Main results Brinton et al.

• Anacetrapib treatment, as compared with placebo, yielded reductions in Fc-LDL-c in all subgroups examined.
• Small differences (<7%, small as compared to overall LDL-c decrease of 40%) in percent reduction in Fc-LDL-c with anacetrapib were seen based on age, gender and type of LMT, and in patient with lower vs. higher baseline Fc-LDL-c, HDL-c or TG levels and diabetes status.
• HDL-c increases with anacetrapib vs. placebo were also consistent across all subgroups, with modest differences (<30%, small relative to overall HDL-c increase of 138%) seen across demographic subgroups, or depending on type of LMT, and in patients with lower vs. higher lipid baseline levels.
• Higher baseline TG levels (with cutoff of either >150 mg/dL or >200mg/dL) did not affect change in Fc-LDL-c and HDl-c with anacetrapib treatment.
• Subgroups defined by background LMT and race had somewhat more effect on the Fc-LDL-c and HDL-c responses to anacetrapib than other subgroups.
• Greater HDL-responses were seen in subjects taking less potent statins, as compared with simvastatin, atorvastatin or rosuvastatin, and in patients on background statin monotherapy as compared with nonstatin lipid therapies.
• Smaller treatment effects were seen in black vs. white patients, but it should be noted that the number of black subjects was small.  

Conclusion

This analysis shows that the Fc-LDL-c lowering and HDL-increasing effect of anacetrapib in patients with CHD was generally independent of age, gender, diabetes status and lipid levels. Race and background lipid-modifying therapy may have an influence on the effect of treatment, although it is noted that these findings may be a play of chance as a consequence of the methodology.

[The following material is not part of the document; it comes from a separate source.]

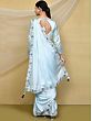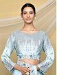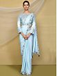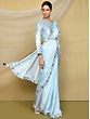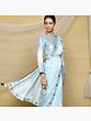Crepe Silk Satin Cord & Sequence Embroidered Light Blue Saree And Flower Border With Embroidered Blouse

Find Krauss et al. at J Clin Lipid.
Find Brinton et al. at J Clin Lipid.

References

1. Tall AR. Plasma cholesteryl ester transfer protein. J Lipid Res. 1993; 34:1255–1274.
2. Krauss RM, Wojnooski K, Orr J, et al. Changes in lipoprotein subfraction concentration and composition in healthy individuals treated with the CETP inhibitor anacetrapib. J Lipid Res. 2012; 53:540–547.
3. Bloomfield D, Carlson GL, Sapre A, et al. Efficacy and safety of the cholesteryl ester transfer protein inhibitor anacetrapib as monotherapy and coadministered with atorvastatin in dyslipidemic patients. Am Heart J. 2009;157:352–360.
4. Cannon CP, Shah S, Dansky HM, et al, for the DEFINE Investigators. Safety of anacetrapib in patients with or at high risk for coronary heart disease. N Engl J Med. 2010;363:2406–2415.